1 Apr 2013

South Korea vows to retaliate if North strikes

South Korea’s president vows to strike back quickly “without any political considerations” if the North stages any attack on its territory.

South Korean president (Image: Getty)

President Park Geun-hye warning follows North Korea’s claim it has entered a “state of war” with the region, and as the US deploys radar-evading fighter planes.

North Korea says the region is on the brink of a nuclear war in the wake of United Nations sanctions imposed for its February nuclear test and a series of joint US and South Korean military drills that have included a rare US show of aerial power.

“If there is any provocation against South Korea and its people, there should be a strong response in initial combat without any political considerations,” President Park Geun-hye told the defence minister and senior officials at a meeting in Seoul on Monday.

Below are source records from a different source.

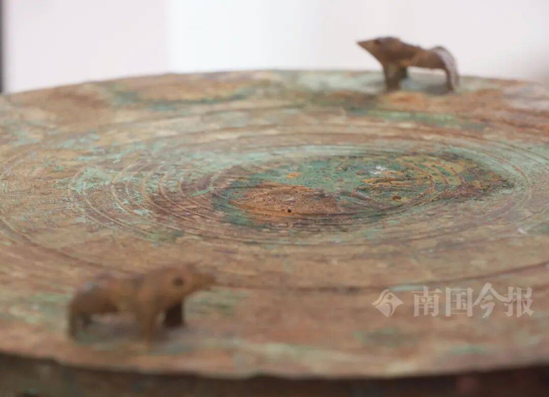 “这面古代铜鼓在柳城出土,说明近2000年前的柳城已有着极为繁华的文化交流。”廖桂引介绍说,这也是柳城首次出土古代铜鼓。
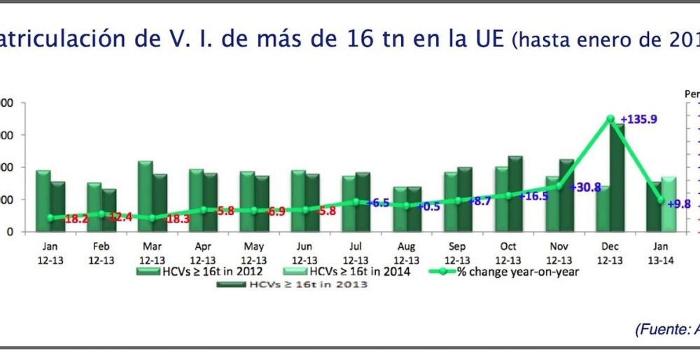 Las matriculaciones de vehículos industriales y autobuses en Europa han alcanzado las 132.503 unidades durante el pasado mes de enero, lo que representa un incremento del 4,7% respecto a las 126.555 unidades entregadas en el mismo mes de 2013, según datos de la Asociación de Constructores Europeos de Automóviles (Acea).
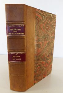 MAYENNE - Abbé M.FOUCAULT. Documents de Château-Gontier, première baronnie de la province d'Anjou. 292 pp. Laval, Chailland, 1883. 2 parties en un vol. fort in-8, ½ veau ép., dos à nerfs, p. de titre et tomaison en mar. bordeaux.
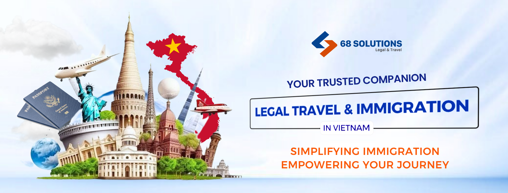 Founded in 2019, 68SOLUTIONS is a consultancy firm specializing in immigration services for both Vietnamese citizens and foreign nationals. Over the past six years, we have successfully assisted more than 500,000 clients, achieving a success rate of 99.8% and facilitating connections with over 160 countries and territories worldwide through streamlined procedures and competitive pricing.
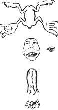 Очень ярко видно, как отражаются в строении коры мозга новые, специфически человеческие черты при исследовании так называемого проекционного двигательного поля (на рис. 18 оно обозначено цифрой 4). Если осторожно раздражать электрическим током различные точки этого поля, то по вызываемому раздражением сокращению различных мышечных групп можно точно представить себе, какое место занимает в нем проекция того или иного органа. Пенфильд выразил итог этих опытов в виде схематического и, конечно, условного рисунка, который мы здесь приводим (рис. 19). Из этого рисунка, выполненного в определенном масштабе, видно, какую относительно большую поверхность занимает в человеческом мозге проекция таких органов движения, как рука (кисть) и особенно органы звуковой речи (мышцы рта, языка, органы гортани), функции которых развивались особенно интенсивно в условиях человеческого общества (труд, речевое общение).Совершенствовались под влиянием труда и в связи с развитием мозга также и органы чувств человека. Как и органы внешней деятельности, они приобрели качественно новые особенности. Уточнилось чувство осязания; очеловечившийся глаз стал замечать в вещах больше, чем глаза самой дальнозоркой птицы; развился слух, способный воспринимать тончайшие различия и сходства звуков человеческой членораздельной речи.
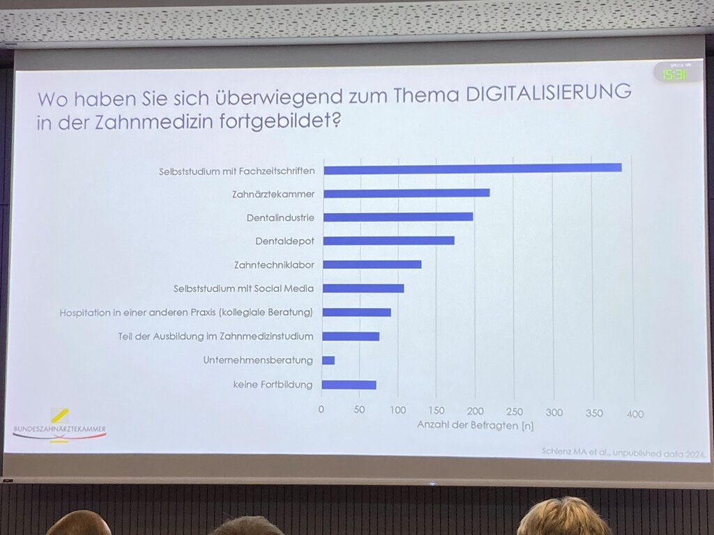 Bemerkenswert ist, dass die Einführung digitaler Instrumente offensichtlich mit stark intrinsischem Interesse verbunden ist. Auf die Frage „Wo haben Sie sich überwiegend zum Thema Digitalisierung in der Zahnmedizin fortgebildet?“ gaben knapp 40 Prozent der Befragten das „Selbststudium mit Fachzeitschriften“ an. Auch die Informationen aus den Zahnärztekammern wurden von 22 Prozent gern zu Rate gezogen. Es folgten Angeboten der Dentalindustrie (20 Prozent) und aus Dentaldepots (17 Prozent).
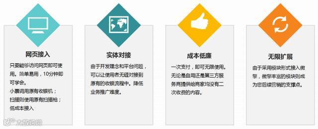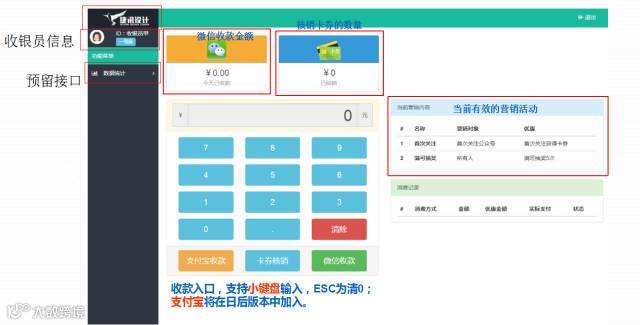 易行收银台是集合微信支付、卡券核销、支付宝支付一体的收银系统,无需特定的收银设备,有电脑、手机等设备即可收银,而且收银后还有丰富营销模块,将线下收银变成企业互联网道路上的一个重要入口。
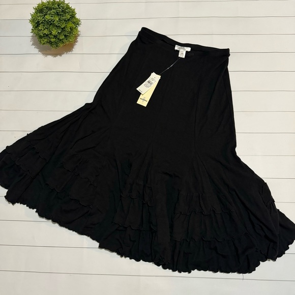 This skirt is new with tags! Soft black stretch jersey knit fabric. Lettuce hem ruffle details. Long modest midi skirt. Women’s size extra small petite. 1.5.24 QQ
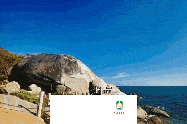 景区海湾沙滩上大小百块石耸立,天涯石”、“海角石”、”日月石”和“南天一柱“突兀其间,上有众多石刻。
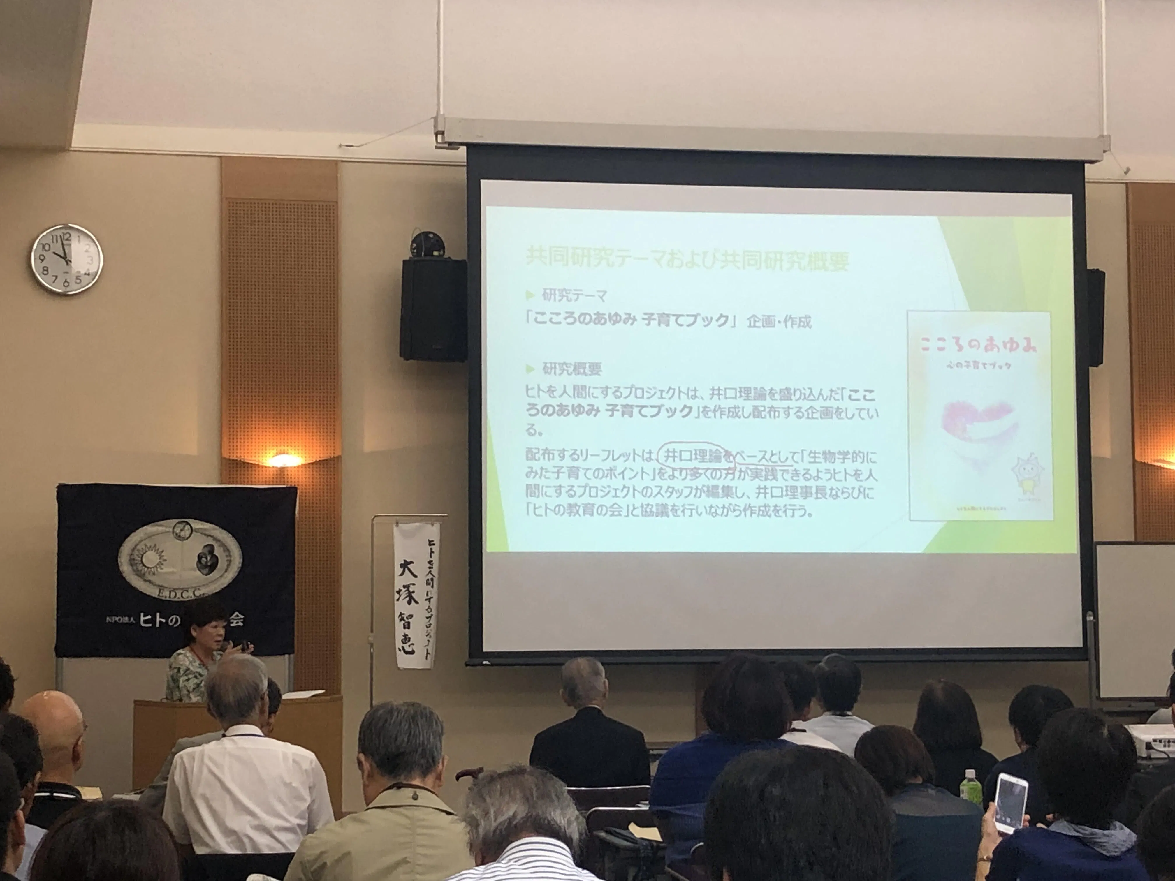 冒頭の掲載しました写真は、9月15・16日に九州大学医学部百年講堂大ホールにて開催されました「NPO法人ヒトの教育の会夏季合宿2019」にて井口生物学的人間教育実践発表のひとつの取組みとして今回の「こころのあゆみ 子育てブック」企画・制作について発表したときの様子です。会場におきまして多くの方に共感いただくことができました。今の時代に「こころの子育て」が必要だということをスタッフ一同実感した次第です。
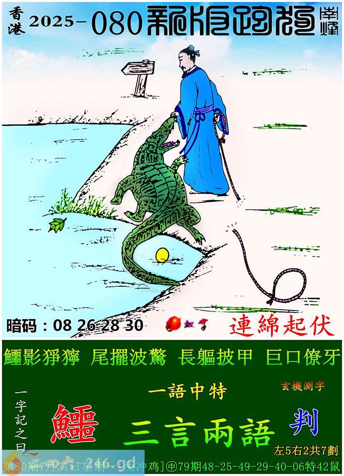 080期跑狗一字記之曰:【鱷】 鱷影猙獰,尾擺波驚。 長軀披甲,巨口僚牙。 玄機測字:《判》 一語中特:三言兩語
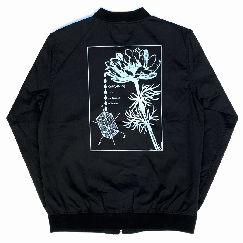 高澤祐介シグネチャーデッキのデザインをバックに配したナイロンジャケット。Chalcanthite Stadium Jacket ¥10,780
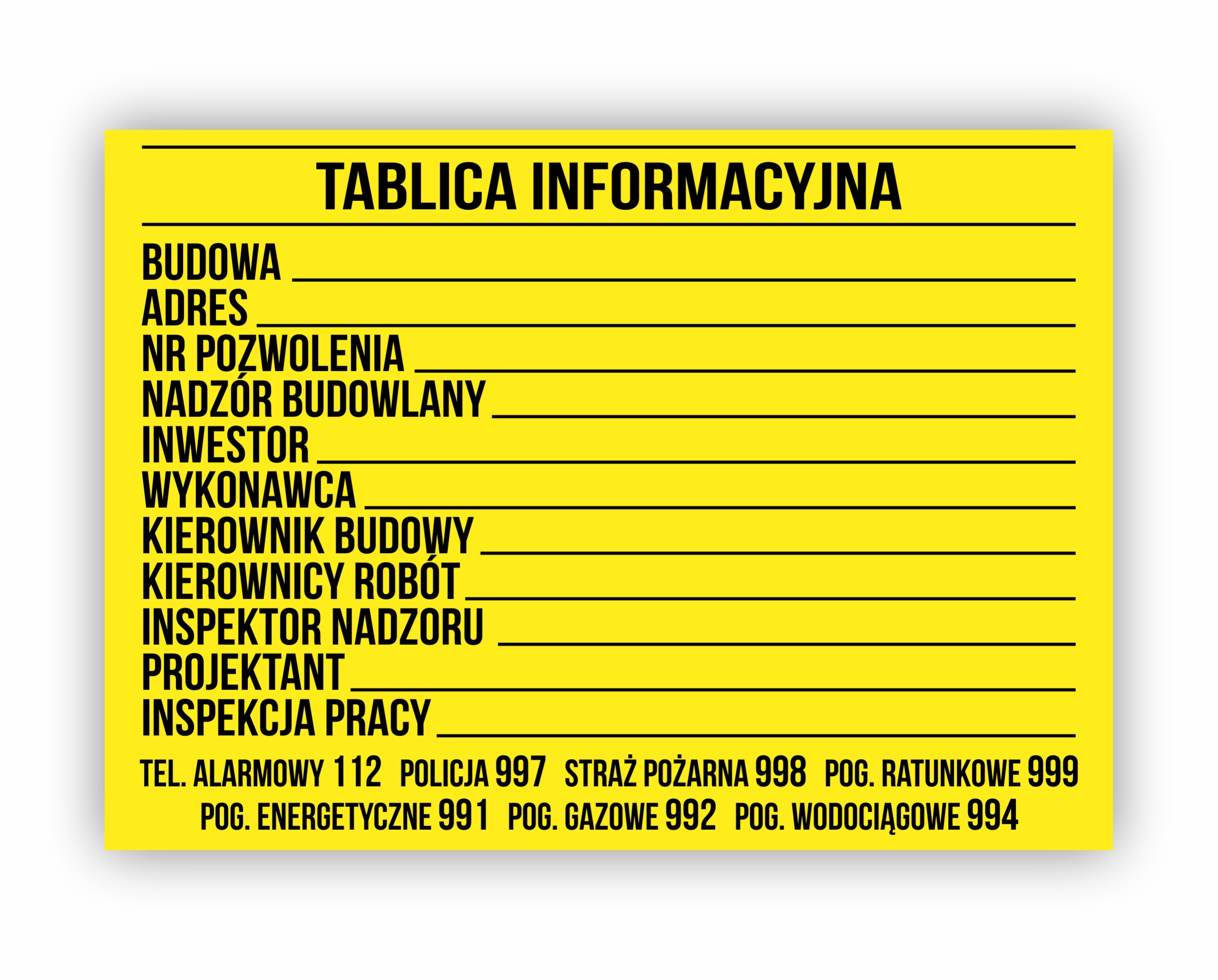 Дошка відповідає вимогам, зазначеним у главі 3 Постанови Міністра інфраструктури від 26 червня 2002 року про журнал будівництва, монтажу та демонтажу, інформаційну дошку та оголошення, що містять відомості про безпеку та охорону праці ( Законодавчий вісник 2002 р. № 108, п. 953).

The South has changed its rules of engagement to allow local units to respond immediately to attacks, rather than waiting for permission from Seoul.

Stung by criticism that its response to the shelling of a South Korean island in 2010 was tardy and weak, Seoul has also threatened to target North Korean leader Kim Jong-un and to destroy statues of the ruling Kim dynasty in the event of any new attack, a plan that has outraged Pyongyang.

North Korea said on Saturday it was entering a “state of war” with South Korea in response to what it termed the “hostile” military drills being staged in the South. But there have been no signs of unusual activity in the North’s military to suggest an imminent aggression, a South Korean defence ministry official said last week.

Yet Seoul and its ally the United States played down Saturday’s statement from the official KCNA news agency as the latest in a stream of tough talk from Pyongyang.

North Korea stepped up its rhetoric in early March, when US and South Korean forces began annual military drills that involved the flights of US B-2 stealth bombers in a practice run, prompting the North to puts its missile units on standby to fire at U.S. military bases in the South and in the Pacific.

The United States also deployed F-22 stealth fighter jets on Sunday to take part in the drills. The F-22s were deployed in South Korea before, in 2010.

For its part, North Korea has cancelled an armistice agreement with the United States that ended the Korean War and cut all hotlines with US forces, the United Nations and South Korea.